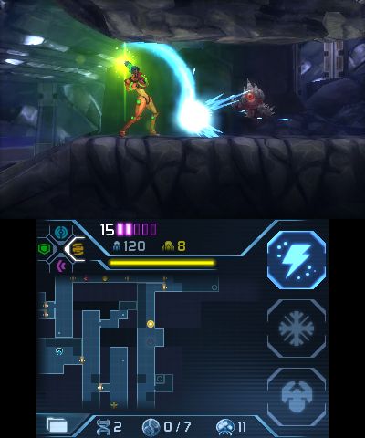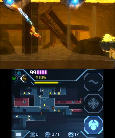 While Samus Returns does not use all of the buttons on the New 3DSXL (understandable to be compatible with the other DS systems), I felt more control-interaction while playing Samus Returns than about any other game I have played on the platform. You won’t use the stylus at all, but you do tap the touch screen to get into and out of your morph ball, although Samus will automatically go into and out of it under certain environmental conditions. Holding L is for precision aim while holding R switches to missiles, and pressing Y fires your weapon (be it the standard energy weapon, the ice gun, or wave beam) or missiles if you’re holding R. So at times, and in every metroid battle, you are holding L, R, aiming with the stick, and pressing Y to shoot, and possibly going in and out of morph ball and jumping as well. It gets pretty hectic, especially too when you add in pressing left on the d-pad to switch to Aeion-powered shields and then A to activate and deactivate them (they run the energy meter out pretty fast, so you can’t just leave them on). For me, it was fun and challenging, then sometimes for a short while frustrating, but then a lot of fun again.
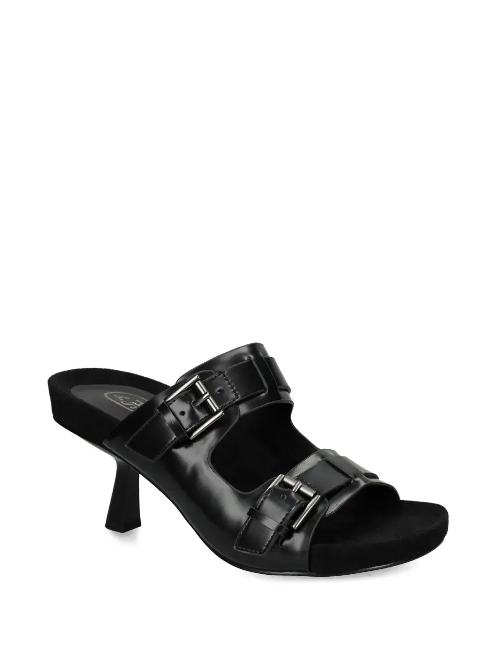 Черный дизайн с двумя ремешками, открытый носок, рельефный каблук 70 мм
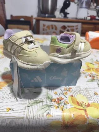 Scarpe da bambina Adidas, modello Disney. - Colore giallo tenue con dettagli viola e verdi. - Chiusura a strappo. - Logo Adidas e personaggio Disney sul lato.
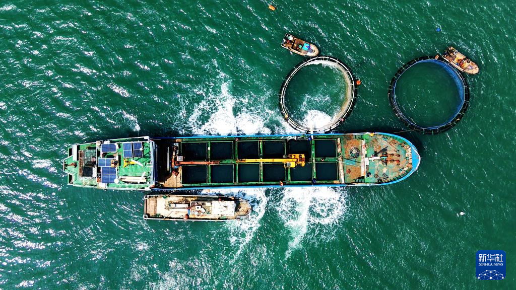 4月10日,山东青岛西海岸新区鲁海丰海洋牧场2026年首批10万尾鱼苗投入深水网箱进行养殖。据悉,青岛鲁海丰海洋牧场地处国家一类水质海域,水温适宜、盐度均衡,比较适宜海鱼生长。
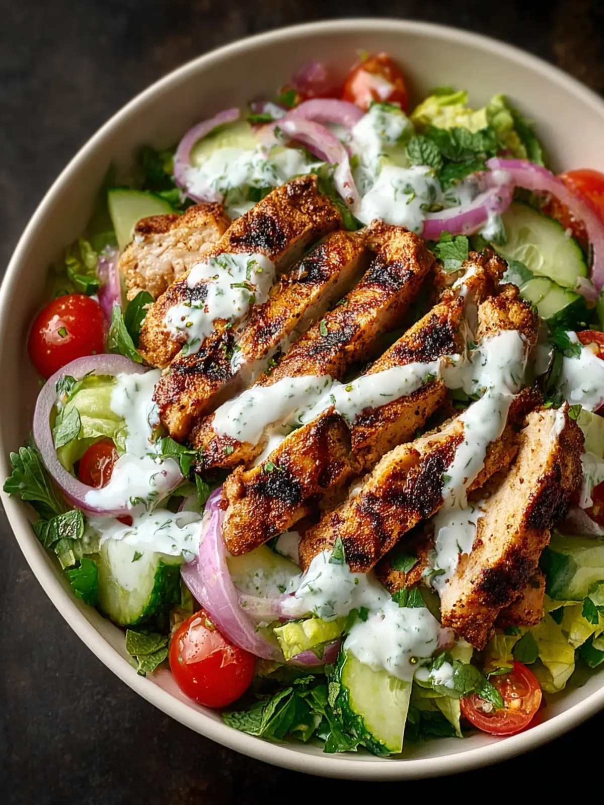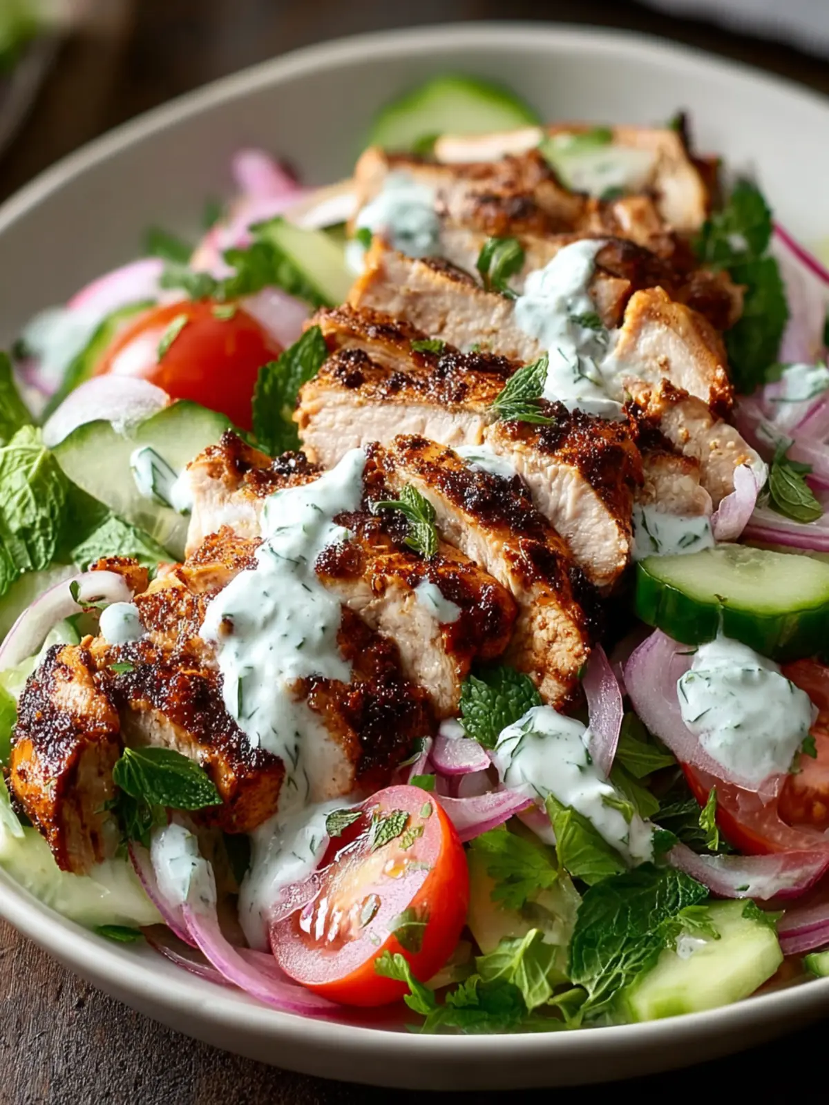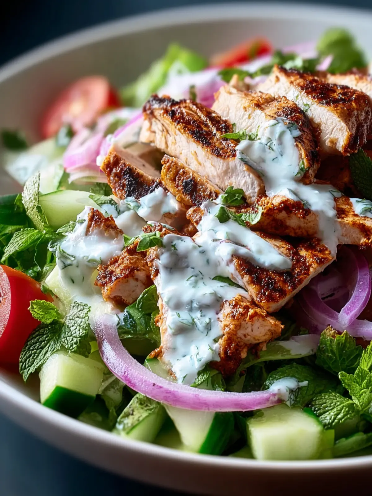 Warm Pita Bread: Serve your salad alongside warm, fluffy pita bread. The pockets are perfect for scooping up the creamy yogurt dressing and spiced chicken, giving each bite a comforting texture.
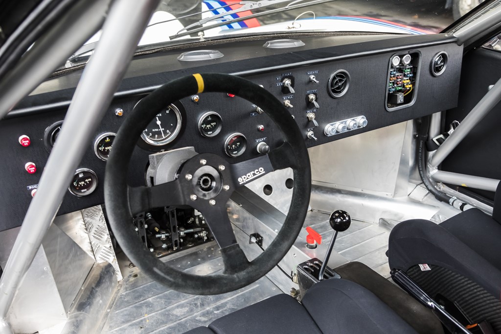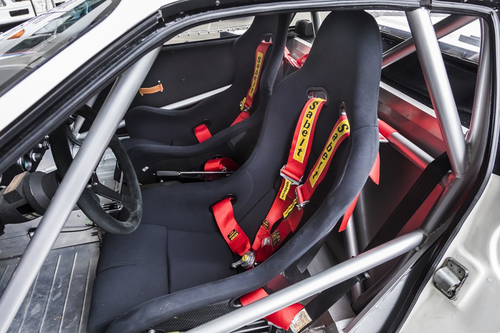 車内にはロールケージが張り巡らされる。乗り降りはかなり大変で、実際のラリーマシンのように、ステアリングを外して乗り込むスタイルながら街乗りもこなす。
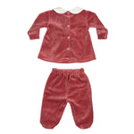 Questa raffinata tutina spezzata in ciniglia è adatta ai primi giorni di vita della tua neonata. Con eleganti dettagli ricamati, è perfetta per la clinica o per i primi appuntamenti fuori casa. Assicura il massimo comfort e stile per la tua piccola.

^^^^^^^^

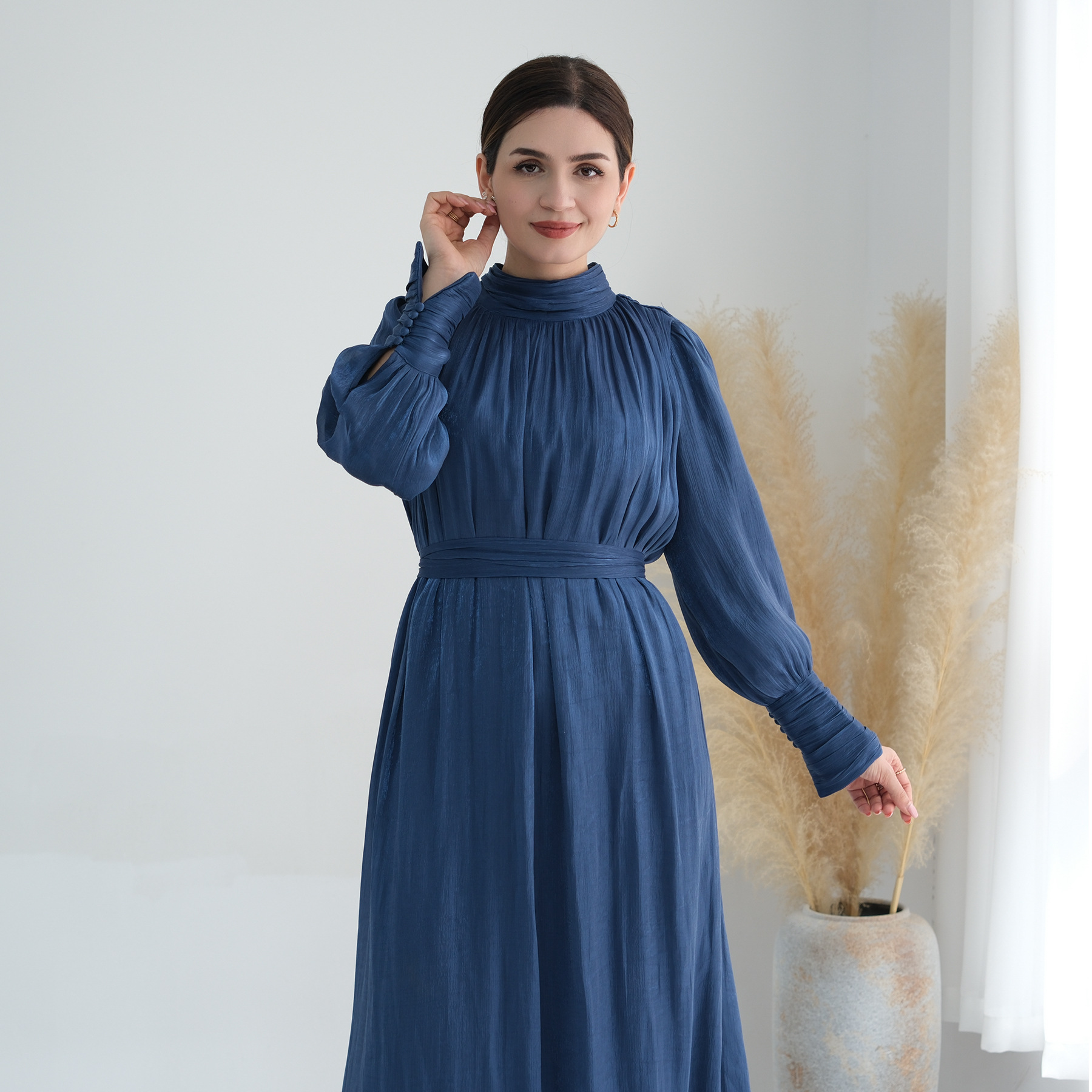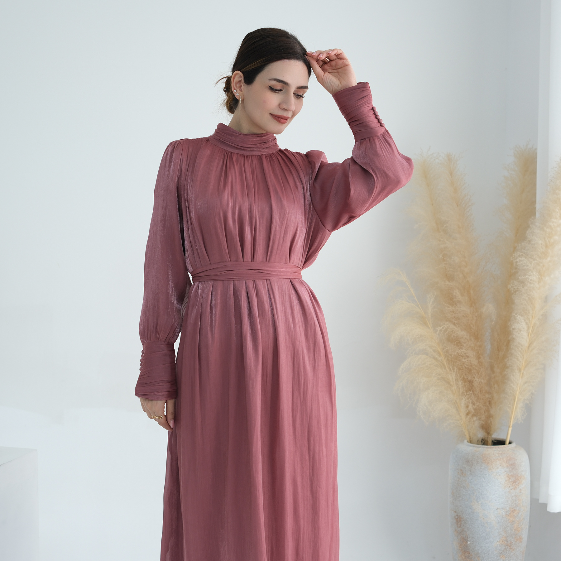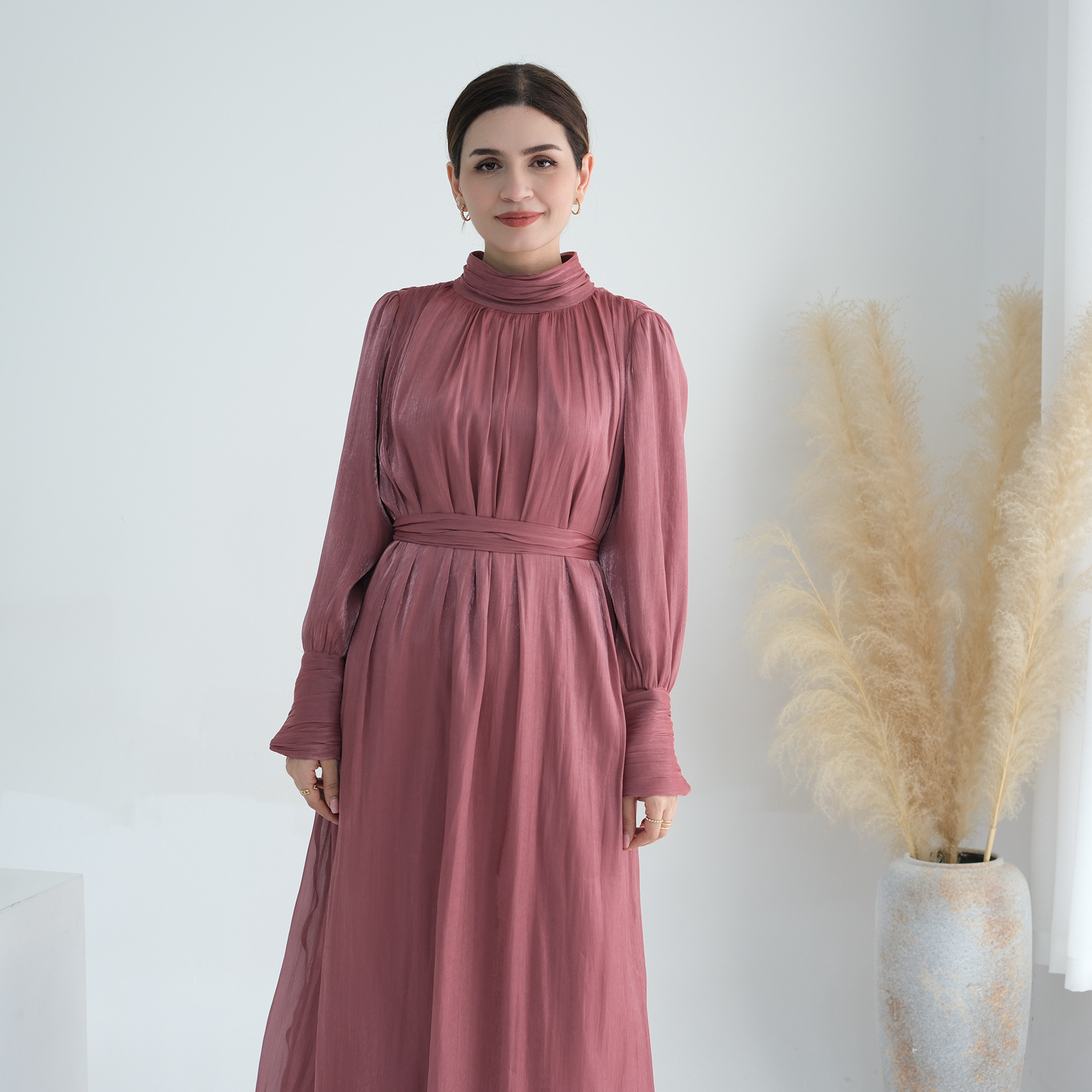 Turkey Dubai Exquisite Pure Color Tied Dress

^^^^^^^^

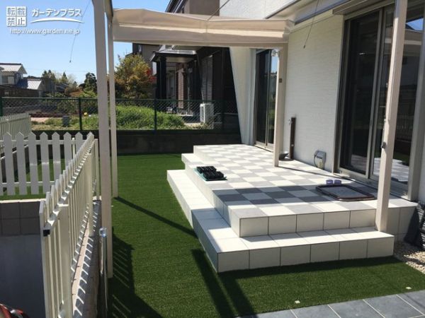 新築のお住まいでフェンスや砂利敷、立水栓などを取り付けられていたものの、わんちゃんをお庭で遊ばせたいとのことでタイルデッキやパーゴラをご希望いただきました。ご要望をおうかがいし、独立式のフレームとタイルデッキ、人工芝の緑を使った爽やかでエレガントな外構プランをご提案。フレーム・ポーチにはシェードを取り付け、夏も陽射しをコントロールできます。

^^^^^^^^

Task description: The output is the stretch above from the line with "車内にはロールケージが張り巡" through the line with "Questa raffinata tutina", copied word for word with both ends kept and every picture dropped.

Reply:
 車内にはロールケージが張り巡らされる。乗り降りはかなり大変で、実際のラリーマシンのように、ステアリングを外して乗り込むスタイルながら街乗りもこなす。
 Questa raffinata tutina spezzata in ciniglia è adatta ai primi giorni di vita della tua neonata. Con eleganti dettagli ricamati, è perfetta per la clinica o per i primi appuntamenti fuori casa. Assicura il massimo comfort e stile per la tua piccola.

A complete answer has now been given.